Squires suggests that a number of things are being done, and can be done, to address these and other legacies of segregation both in terms of individual housing discrimination and community-based discrimination. I agree with most of his suggestions, as well as with his observation that individual fair-housing cases, while absolutely appropriate and necessary, are not sufficient to address the larger task. I would urge fair-housing and community-development advocates to come together in their work on the ground and in their public-policy work around a more ambitious agenda that reflects the individual, institutional, and structural aspects of the problem of racial segregation in our communities. What might that agenda look like?

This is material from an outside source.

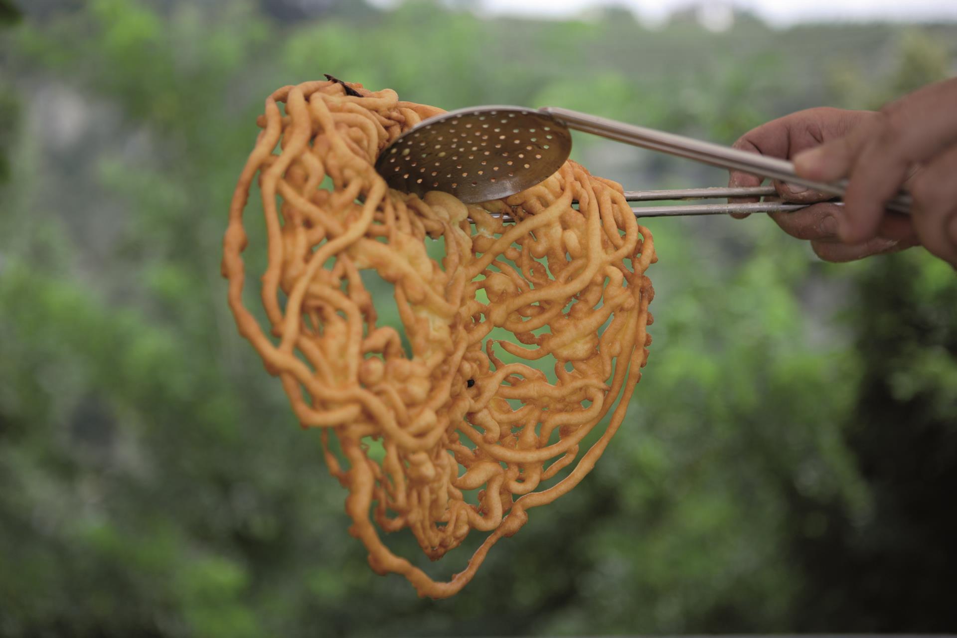 Rozpalte olej nebo tuk na pánvi, těsto nalijte do trychtýře a od středu jej spirálovitě lijte do horkého oleje. Smažte z obou stran dozlatova. Nechte okapat na papíru a podávejte.

Congress should hold hearings and make findings about the extent and scope of the ongoing effects of segregation on individuals and communities. The record has been made in courts, in academia, and in social-policy circles, but not in the one place it could matter most: Congress. Findings based upon a thorough and honest assessment of the lingering effects of segregation would not only spur a legislative response for explicit remedial measures to address segregation’s vestiges but would also provide support for other advocacy work by fair-housing and community-development activists.
For example, while the legislative history of the Fair Housing Act and legal decisions interpreting it have made clear that addressing segregation is one of the act’s purposes, the act itself does not use the term “segregation.” Perhaps that wasn’t necessary in 1968 when racial segregation was the housing civil-rights issue, but today the act, particularly as amended, is a much bigger tent, and the country’s consciousness of the history and ongoing effects of segregation has dimmed. Congress should make explicit that the duty to further fair-housing practices imposes a responsibility on recipients of housing and community-development funds to take affirmative steps to ameliorate racial segregation, and make it a violation of the Fair Housing Act for governmental entities to engage in policies or practices that perpetuate racial segregation.
Moreover, Congress should evaluate all existing housing and community-development programs from the standpoint of whether they are currently designed to achieve the legitimate governmental interest of reducing segregation and racial isolation in residential housing markets. The HOPE VI public-housing program, which is replacing distressed public housing with new mixed-income development, must balance the interests of the current residents who may want to return to the redeveloped site with the need to break the stranglehold of segregation that public housing has historically represented. This can be accomplished by requiring some replacement units in non-minority, lower-poverty areas where no public housing currently exists and guaranteeing that no resident of, or applicant for, public housing is required to accept a unit in a census tract in which his race predominates as a condition of receiving federal housing assistance.
In the Section 8 voucher program, Alex Polikoff’s proposed national housing mobility program, calling for a realistic targeting of housing vouchers toward the minority poor locked into inner-city ghettos (see “Lessons from a Chicago Saga,” Shelterforce, Spring 2007), should be implemented as a means of supporting minority families who wish to make that housing choice but are currently held hostage by housing policy that does not recognize the fair-housing rights of low-income people.
The Low Income Housing Tax Credit program — one of the most important vehicles for the creation of new affordable housing — currently requires that tax credits be targeted toward Qualified Census Tracts (any census tract in which at least 50 percent of households have an income of less than 60 percent of the area median gross income.) As a practical matter this steers tax-credit developments into high-poverty, racially concentrated areas and is an excellent example of how a housing program can be used to perpetuate rather than ameliorate segregation. The tax-credit statute should be amended to more effectively balance the interests of community revitalization with the goal of affirmatively furthering fair housing by expanding housing available to low-income families in higher-opportunity areas.
The Community Reinvestment Act should provide for incentives to financial institutions whose investments promote more racially and economically inclusive communities, including housing-related financing that expands housing opportunities for low-income families in high-opportunity areas where there is little or no affordable housing. In the private homeownership market, local initiatives such as that undertaken by the Village of Oak Park, Ill., to which the Squires article alluded, including subsidizing mortgages for families whose move into a neighborhood contributed to racial diversity and reduced racial isolation, are examples of the kinds of unapologetic race-conscious efforts to undo the legacy of segregation our policymakers should pursue.